** Given records follows **

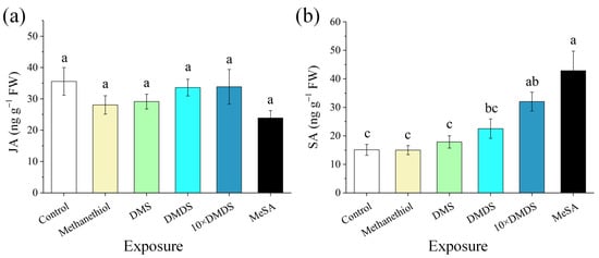 The levels of jasmonic acid (JA) and salicylic acid (SA) in orange plants after exposure to sulfur volatiles. (a) JA content; (b) SA content. Data are shown as means ± SE (n = 5). Different letters on the columns indicate significant differences among different treatments based on Tukey’s test (p < 0.05).
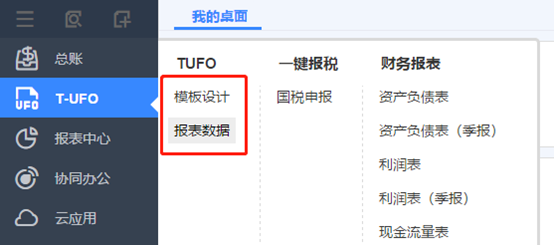 6.T-UFO報表 點擊T-UFO->報表數(shù)據(jù),日常報表取數(shù)在報表數(shù)據(jù),要修改公式,做報表模板則是在模板設(shè)計中。
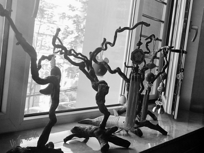見到牛鳴遠(yuǎn)時(shí),他正忙著在家中的陽臺(tái)上懸掛兩個(gè)大樹枝。“這是棗樹枝,還有點(diǎn)濕,得掛起來晾干后才能再進(jìn)行加工?!迸xQ遠(yuǎn)說,朋友收拾平遙老家的房子時(shí),砍了院子里的大棗樹,知道他喜歡根雕,就專門運(yùn)回來一些送給他。
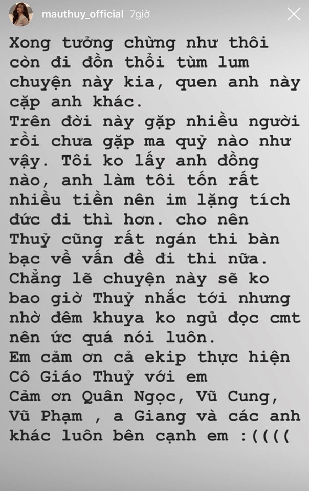 Dù buồn nhưng Mâu Thủy vẫn chọn cách im lặng vì nhiều lý do lùm xùm với Đại diện BTC tại Việt Nam, cô nàng không muốn nhắc tới. Nhưng thời gian gần đây, nhiều cư dân mạng lại khơi lại câu chuyện này và bị gán tiếng xấu, nên Mâu Thủy đã quyết định phanh phui sự thật.
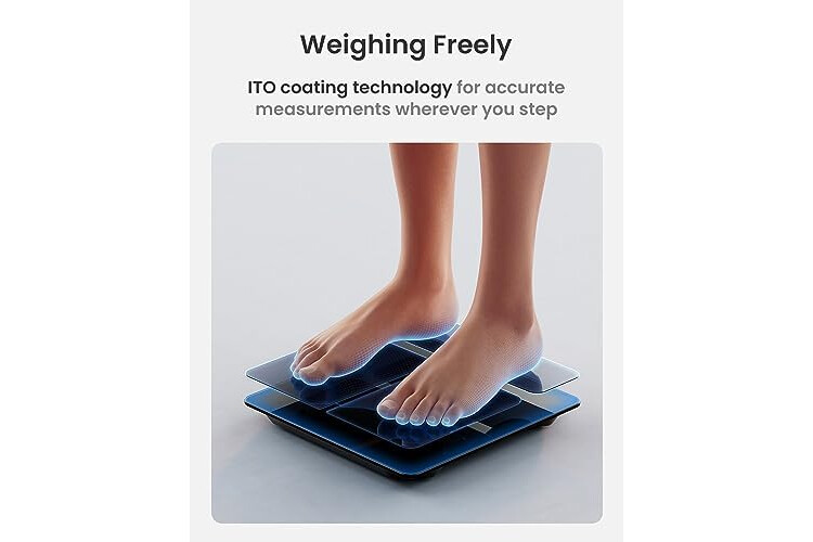Sleek Design, Accurate Results: The modern, minimalist design with a high-precision ITO-coated surface not only complements your home decor but also enhances measurement accuracy, surpassing regular four-electrodes scales. Achieve accuracy down to 0.05kg/0.2lb.

** End of Given records **

▶ Problem to work on:
Excerpt from the records above: set down only the lines from the one that contains "6.T-UFO報表 點擊T-UFO->報" through the one that contains "見到牛鳴遠(yuǎn)時(s", inclusive, word for word. Pictures stay out.

▶ Task solution:
 6.T-UFO報表 點擊T-UFO->報表數(shù)據(jù),日常報表取數(shù)在報表數(shù)據(jù),要修改公式,做報表模板則是在模板設(shè)計中。
見到牛鳴遠(yuǎn)時(shí),他正忙著在家中的陽臺(tái)上懸掛兩個(gè)大樹枝。“這是棗樹枝,還有點(diǎn)濕,得掛起來晾干后才能再進(jìn)行加工?!迸xQ遠(yuǎn)說,朋友收拾平遙老家的房子時(shí),砍了院子里的大棗樹,知道他喜歡根雕,就專門運(yùn)回來一些送給他。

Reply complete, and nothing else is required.